> **What to do**
The data below is to be written out exactly, with no pictures.

Segment Start: Data block

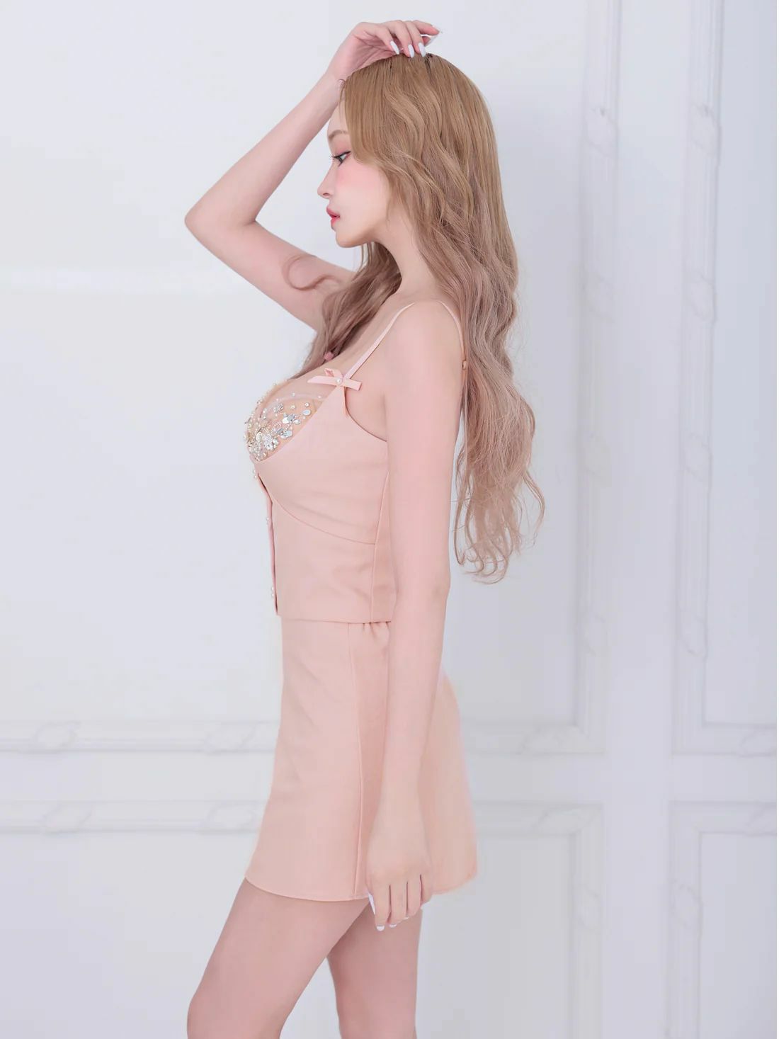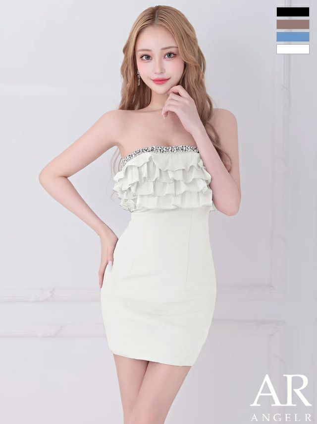 フェミニンさと色気を両立♡ 予約商品【4月中旬入荷予定】[Angel-R/エンジェルアール] 高級 ブランド タイトミニドレス キャミソール 2way ベアデザイン バストギャザー ハートカット ラメ ビジュー 背中魅せ (れむ着用)
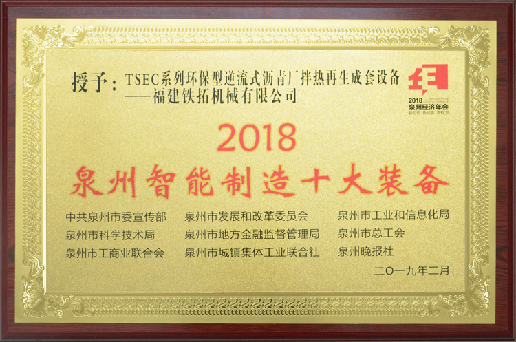 鐵拓機械“拳頭”產品——TSEC系列環保型逆流式瀝青廠拌熱再生成套設備從眾多產品中脫穎而出,躋身“2018年泉州市智能制造十大裝備”榜單。
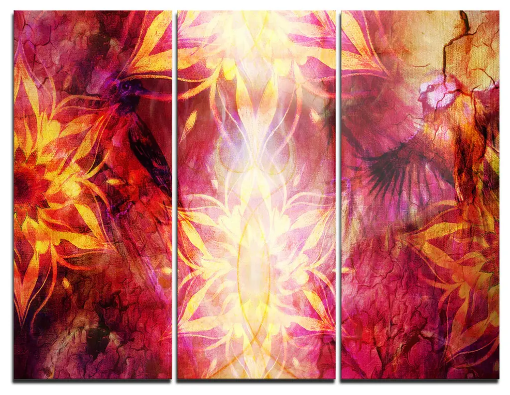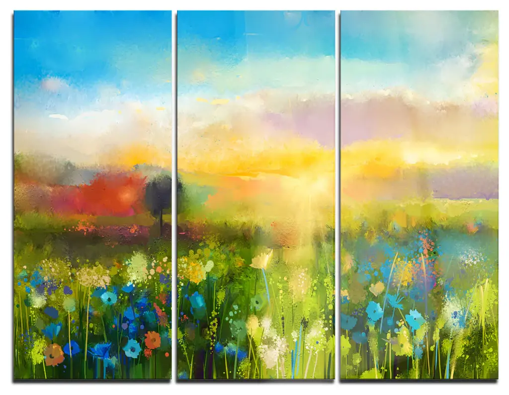 "Bokeh Flowers Seamless" Glossy Metal Wall Art, 3 Panels, 36"x28"

Segment End: Data block

> **Task solution**
 フェミニンさと色気を両立♡ 予約商品【4月中旬入荷予定】[Angel-R/エンジェルアール] 高級 ブランド タイトミニドレス キャミソール 2way ベアデザイン バストギャザー ハートカット ラメ ビジュー 背中魅せ (れむ着用)
 鐵拓機械“拳頭”產品——TSEC系列環保型逆流式瀝青廠拌熱再生成套設備從眾多產品中脫穎而出,躋身“2018年泉州市智能制造十大裝備”榜單。
 "Bokeh Flowers Seamless" Glossy Metal Wall Art, 3 Panels, 36"x28"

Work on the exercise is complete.